Development Background
Under Japan's Amended Act on the Protection of Personal Information, which goes into effect in 2017, it will become permissible to provide third parties with personal data that has been de-identified, even without the individual's consent. This makes it possible to safely utilize data in different organizations, and is expected to lead to quality improvements in new products and services, with inter-organizational connections resolving societal problems and kick starting co-creation. There are a variety of methods for de-identification, which must be differentiated depending on the field and various guidelines. For example, it is conceivable that once guidelines, based on the Amended Act on the Protection of Personal Information, are established for the healthcare field, data, such as examination results held by healthcare institutions, will be de-identified and used by research institutions or pharmaceutical companies (Figure 1). For this reason, Fujitsu Laboratories developed de-identification technology focused on "k-anonymization," which is a technology to process information so that a minimum of k people possess the same attribute. Fujitsu Laboratories has been moving forward on research to apply the technology to healthcare and other fields.
Issues
Providers of personal data must be prepared for the risks associated with de-identification processing, such as checking whether or not they have met the guidelines for each industry, or if privacy could be violated from the de-identified data. It is not easy, however, for data providers to evaluate the risk that an individual could be identified from de-identified data and to take countermeasures, so evaluation and confirmation were previously left to experts, and the time required became an issue. There are reports, for example, of cases where healthcare institutions outside Japan de-identified data they held for use in medical research, and the process took more than half a year. For these reasons, Fujitsu Laboratories decided that, in order to quickly evaluate the risk that an individual might become known from de-identified data and take countermeasures, it is important to analyze the attributes that make it easiest for an individual to be identified, and then apply appropriate de-identification methods. Because it is possible, however, to identify an individual from the combination of multiple attributes (such as gender, telephone number, address) (Figure 2), the calculation of the combinations of attributes that make it easiest to identify individuals became so large that searching in a realistic amount of time became difficult.

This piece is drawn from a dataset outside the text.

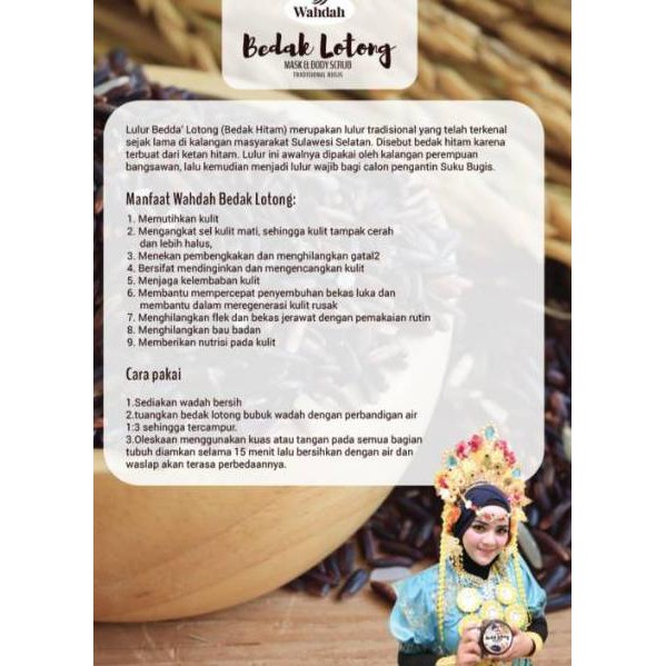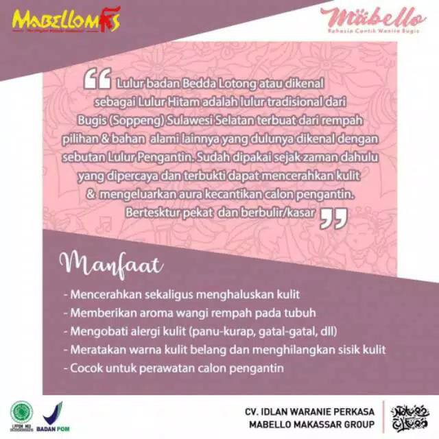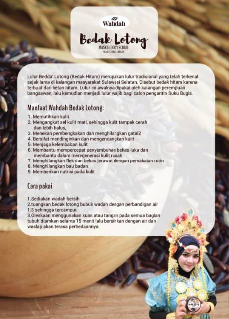 Seiring berjalannya waktu bedda lotong boleh dipakai semua wanita 1 hingga saat ini bedda lotong masih populer di kalangan wanita. Khasiat lulur bedda lotong sudah tidak diragukan lagi dalam merawat kecantikan kulit dan bisa digunakan segala jenis kulit baik itu pria atau pun wanita tua atau muda. Lulur bedda lotong bedak hitam adalah lulur tradisional ala bugis yang telah terkenal sejak lama di kalangan masyarakat sulawesi selatan. Aromanya yang alami juga dapat membuat fikiran menjadi rileks.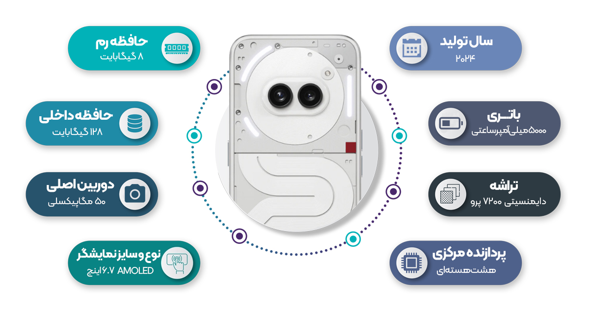 گوشی ناتینگ Phone 2a 5G با صفحه نمایش ۶.۷ اینچ AMOLED، دوربین سهگانه با لرزشگیر اپتیکال، باتری ۵۰۰۰ میلیآمپر و سختافزار قدرتمند، انتخابی ایدهآل برای کاربران حرفهای، گیمرها و علاقهمندان به عکاسی و فیلمبرداری با کیفیت بالا است. این گوشی تجربهای کامل و مدرن از کاربری روزمره و سرگرمی دیجیتال ارائه میدهد.

About the Newly Developed Technology
Based on data distribution, Fujitsu Laboratories has now developed a new technology to automatically search for combinations of attributes that make it easiest to identify individuals, as well as quantifying that ease of identification, in a realistic timeframe. This will enable data providers to rapidly analyze risks and take countermeasures. Features of the newly developed technology are as follows:
1. Technology to efficiently search for attribute combinations that enable identification
Fujitsu Laboratories developed a technology to efficiently analyze privacy risks by extracting the attributes that should be assessed, prioritizing from the combinations of attributes that make it easy to identify individuals. The system uses the fact that lines in the database (records) that can be identified by a combination of fewer attributes can also be identified by combinations of more attributes to eliminate unnecessary analysis. For example, a record that could be identified with just age and occupation could naturally also be identified from age, occupation, and permanent address, so analysis of the latter combination can be omitted. This enables efficient analysis without the need to calculate huge numbers of combinations of attributes.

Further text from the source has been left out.